[Information given]
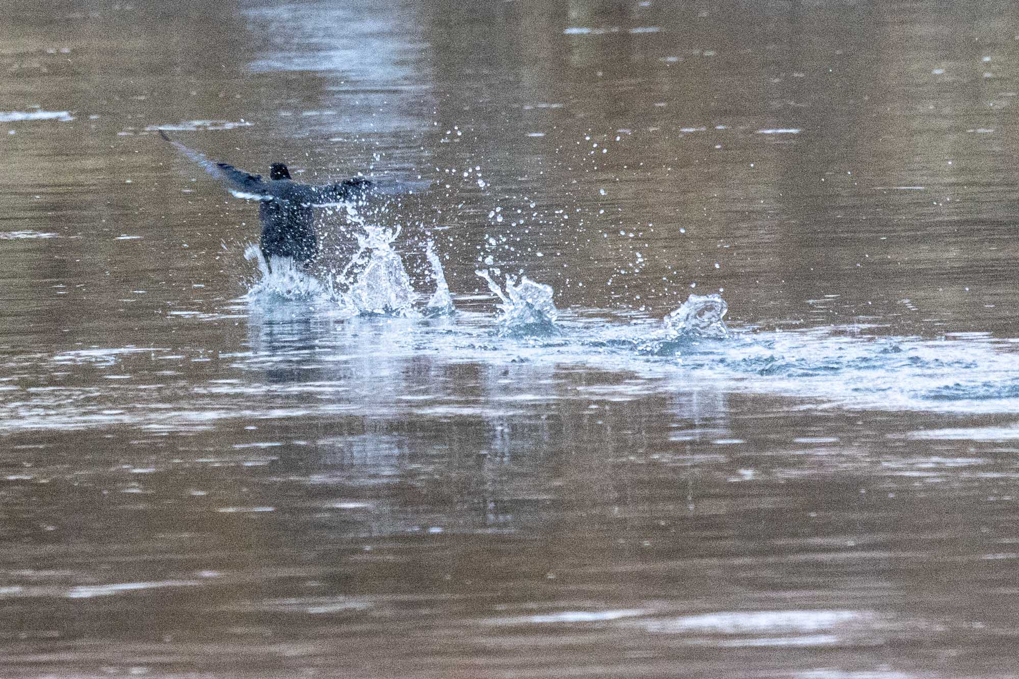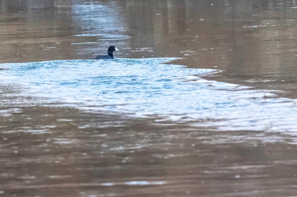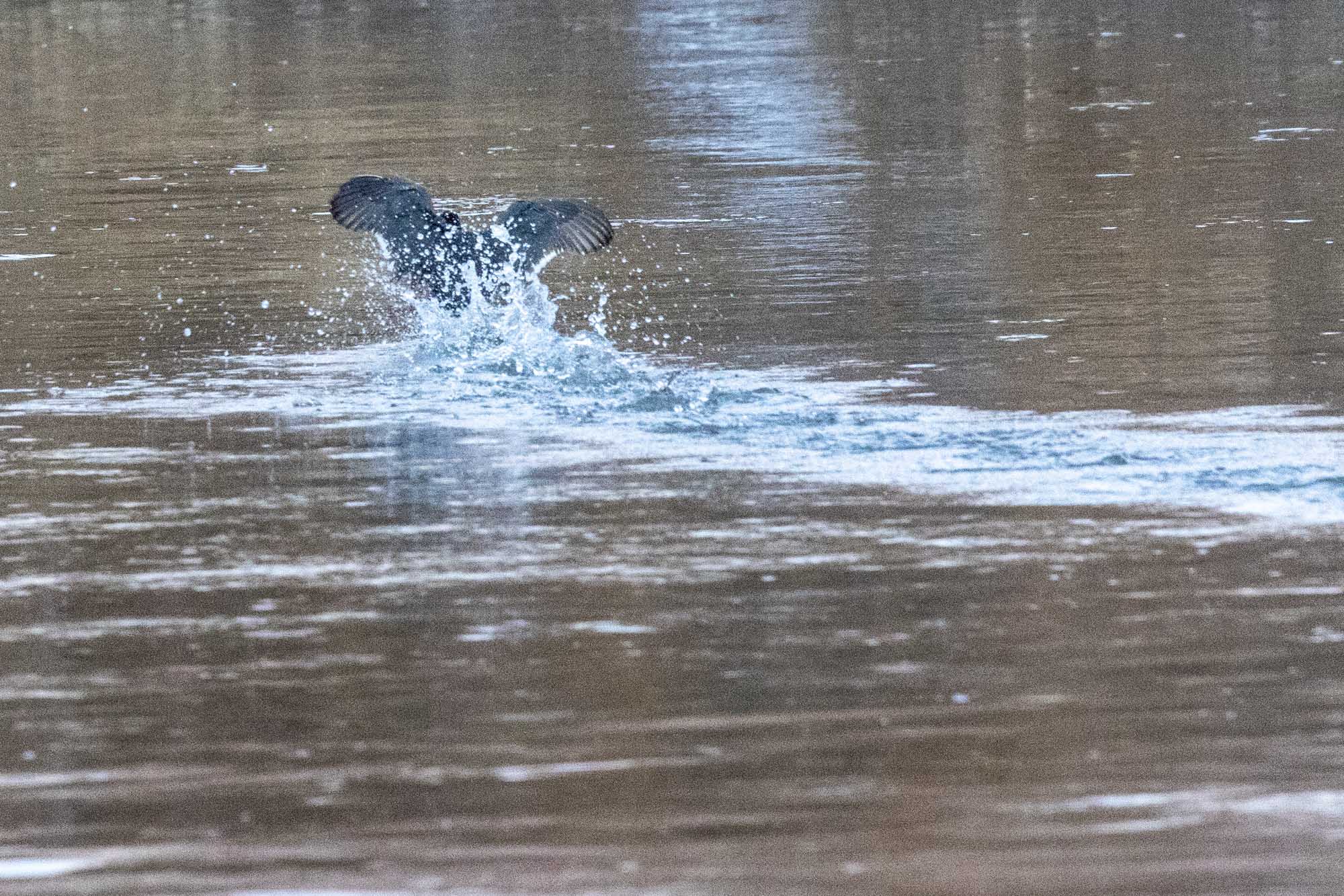 This American Coot was foraging on the sandbar. Then it started to take flight and decided against it.
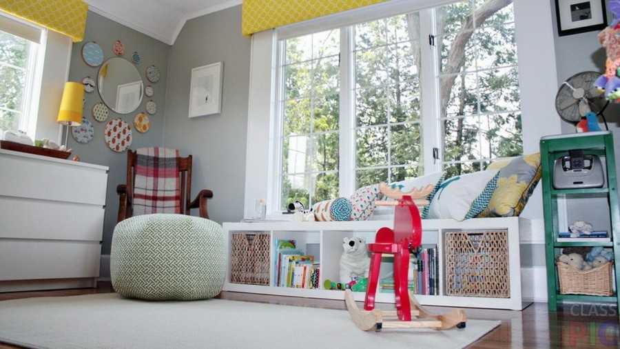 Peu importe l'âge de l'enfant, il obtient ses impressions et ses forces dans la pièce à travers la fenêtre. Par conséquent, la disposition des meubles est calculée par rapport à celui-ci.
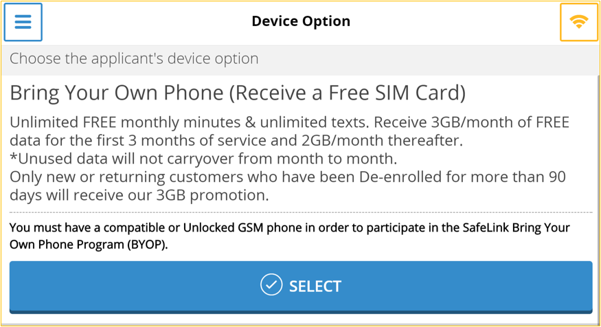 This option is available for customers that already have a device and want to use it with a Safelink Wireless SIM, along with its Lifeline Benefit.
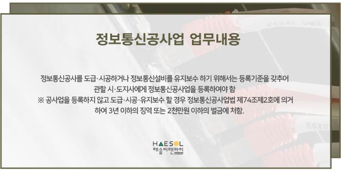정보통신공사업 면허는 정보통신공사를 도급, 시공하거나 정보통신설비를 유지보수하기 위해 반드시 필요한 면허로, 이를 위해서는 등록기준을 갖추어 관할 시·도 지사에게 정보통신공사업을 등록하여야 합니다. (만일, 공사업을 등록하지 않고 도급·시공·유지보수 할 경우에는 정보통신공사업법에 의거하여 법적 제재를 받게 됨을 인지하시기 바랍니다.)
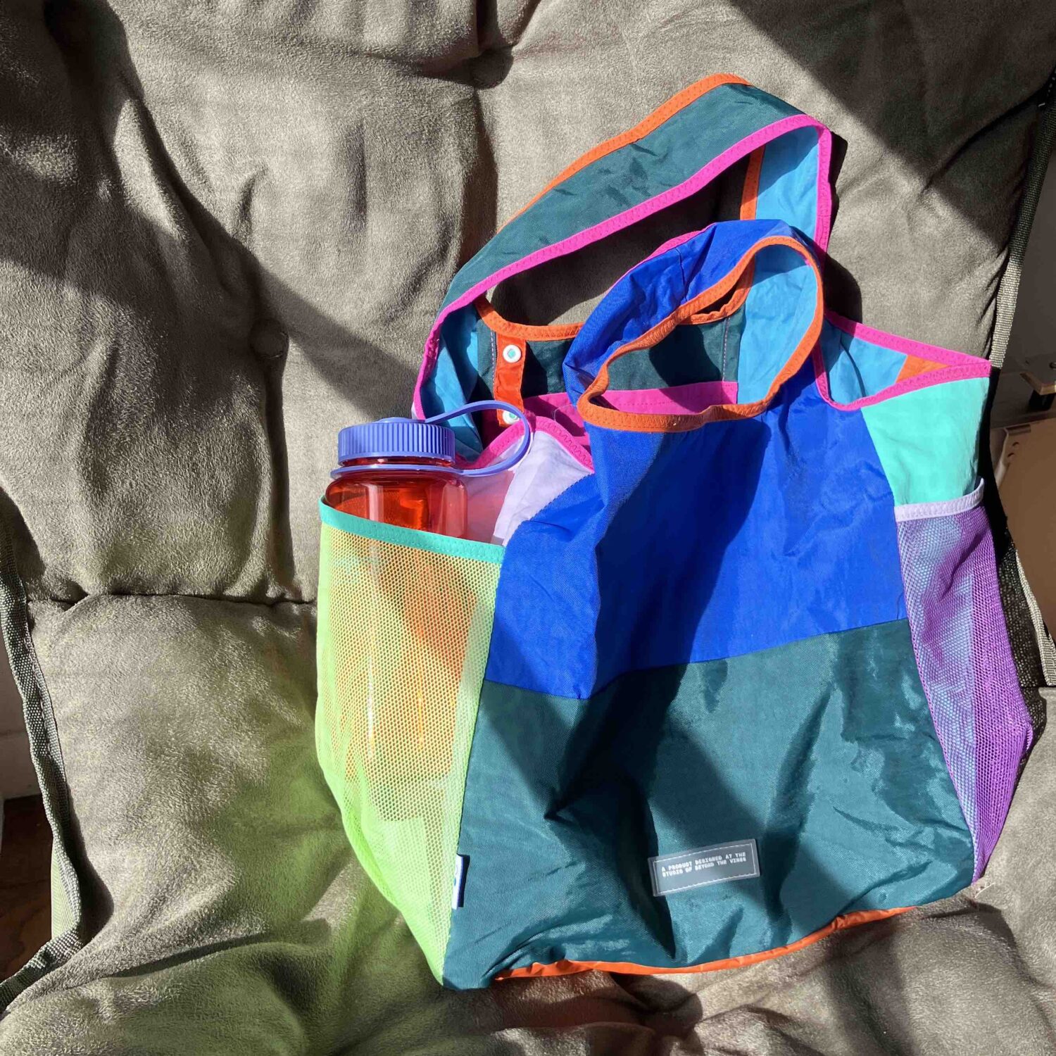 これずっと欲しかったんです。ついに手に入れました。心配性でマザーズバッグは大容量の大きなバッグだったのですが息子も大きくなり荷物もかなり減り、もう少し小さいサイズのベビーカーに乗せやすいトートバッグないかなあと探していたところ出会えました。マチがしっかりしていて自立するのにこれエコバッグなんです。ナイロン100なので軽くって付属のバンドに止めるとコンパクトに。
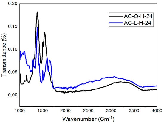 Figure 5 shows the surface functional groups of the produced AC as determined by FT-IR. FT-IR analysis reveals that oxidation forms and provides information on chemical bonding and breakdown. According to the FT-IR results of H3PO4-based AC, the bonds at wavenumbers of 1000–1100 cm−1 were attributed to C–O vibrations. The elemental analysis results correspond with the presence of oxygen and phosphorus functionalities (P–O–C) in the wavenumber range of 1000–1200 cm−1. The bond at 1565 cm−1 was also linked to C=C vibration [,].
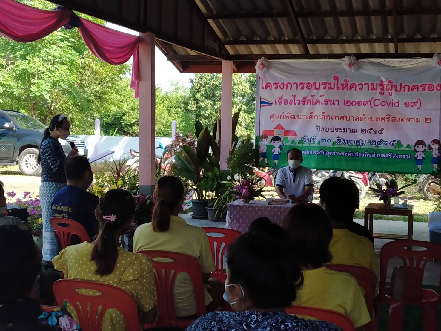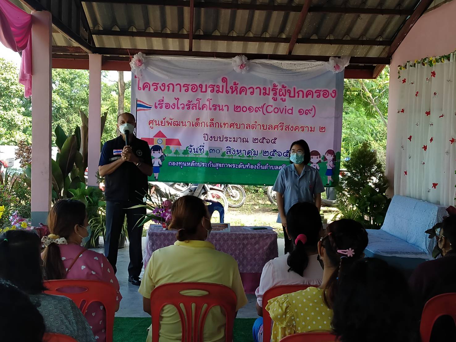 วันที่ 30 สิงหาคม 2565 นายธงฤทธิ์ จำศักดิ์ รองนายกเทศมนตรีตำบลศรีสงคราม เป็นประธานเปิดโครงการอบรมให้ความรู้ผู้ปกครอง เรื่องไวรัสโคโรนา 2019 ( COVID -19 ) ณ ศูนย์พัฒนาเด็กเล็กเทศบาลตำบลศรีสงคราม 2 อำเภอวังสะพง จังหวัดเลย
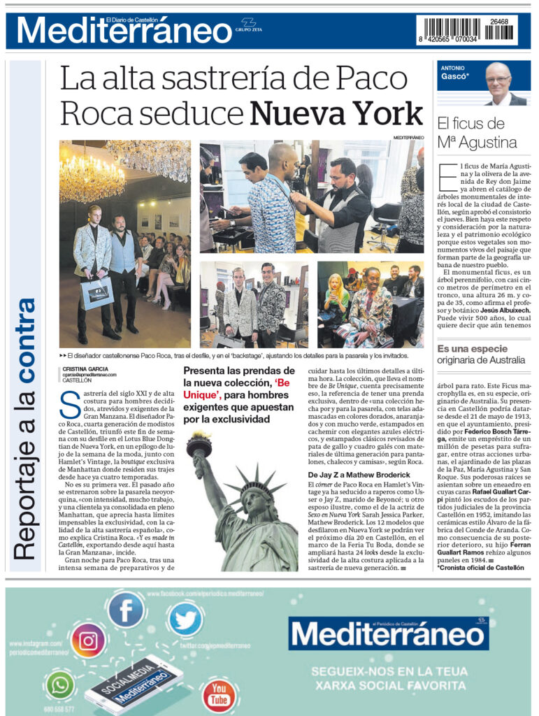 La alta sastrería de Paco Roca seduce Nueva York
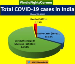 The cumulative recovered cases (10,94,374) have surpassed active cases by 5,29,271. Also, India’s recovery rate remains at 64.53 per cent. The fatality rate of cases dipped a bit to 2.15 per cent and is observed to be falling progressively, according to a Health Ministry release.
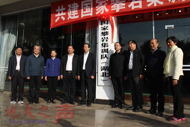 (地大之声记者徐燕 通讯员牛小洪)11月6日,国家体育总局副局长赵勇一行来校调研体育(攀岩)工作,为国家攀岩集训队(湖北)揭牌,并听取了共建工作汇报。国家体育总局登山运动管理中心主任李致新,湖北省体育局党组书记、局长胡功民,国家体育总局经济司副司长彭维勇、群体司副司长李正宇,武汉市副市长刘英姿,湖北省体育局副局长章进、水兵,校党委书记何光彩、校长王焰新、党委副书记朱勤文,来自湖北、安徽、河南的75名攀岩集训运动员、16名教练员参加活动。水兵主持揭牌仪式。
[/Information given]
Starting with the line that contains "これずっと欲しかったんです。", print every line through the end of the data exactly as written; omit all pictures and add nothing else.

## Solution for this exercise:
 これずっと欲しかったんです。ついに手に入れました。心配性でマザーズバッグは大容量の大きなバッグだったのですが息子も大きくなり荷物もかなり減り、もう少し小さいサイズのベビーカーに乗せやすいトートバッグないかなあと探していたところ出会えました。マチがしっかりしていて自立するのにこれエコバッグなんです。ナイロン100なので軽くって付属のバンドに止めるとコンパクトに。
 Figure 5 shows the surface functional groups of the produced AC as determined by FT-IR. FT-IR analysis reveals that oxidation forms and provides information on chemical bonding and breakdown. According to the FT-IR results of H3PO4-based AC, the bonds at wavenumbers of 1000–1100 cm−1 were attributed to C–O vibrations. The elemental analysis results correspond with the presence of oxygen and phosphorus functionalities (P–O–C) in the wavenumber range of 1000–1200 cm−1. The bond at 1565 cm−1 was also linked to C=C vibration [,].
 วันที่ 30 สิงหาคม 2565 นายธงฤทธิ์ จำศักดิ์ รองนายกเทศมนตรีตำบลศรีสงคราม เป็นประธานเปิดโครงการอบรมให้ความรู้ผู้ปกครอง เรื่องไวรัสโคโรนา 2019 ( COVID -19 ) ณ ศูนย์พัฒนาเด็กเล็กเทศบาลตำบลศรีสงคราม 2 อำเภอวังสะพง จังหวัดเลย
 La alta sastrería de Paco Roca seduce Nueva York
 The cumulative recovered cases (10,94,374) have surpassed active cases by 5,29,271. Also, India’s recovery rate remains at 64.53 per cent. The fatality rate of cases dipped a bit to 2.15 per cent and is observed to be falling progressively, according to a Health Ministry release.
 (地大之声记者徐燕 通讯员牛小洪)11月6日,国家体育总局副局长赵勇一行来校调研体育(攀岩)工作,为国家攀岩集训队(湖北)揭牌,并听取了共建工作汇报。国家体育总局登山运动管理中心主任李致新,湖北省体育局党组书记、局长胡功民,国家体育总局经济司副司长彭维勇、群体司副司长李正宇,武汉市副市长刘英姿,湖北省体育局副局长章进、水兵,校党委书记何光彩、校长王焰新、党委副书记朱勤文,来自湖北、安徽、河南的75名攀岩集训运动员、16名教练员参加活动。水兵主持揭牌仪式。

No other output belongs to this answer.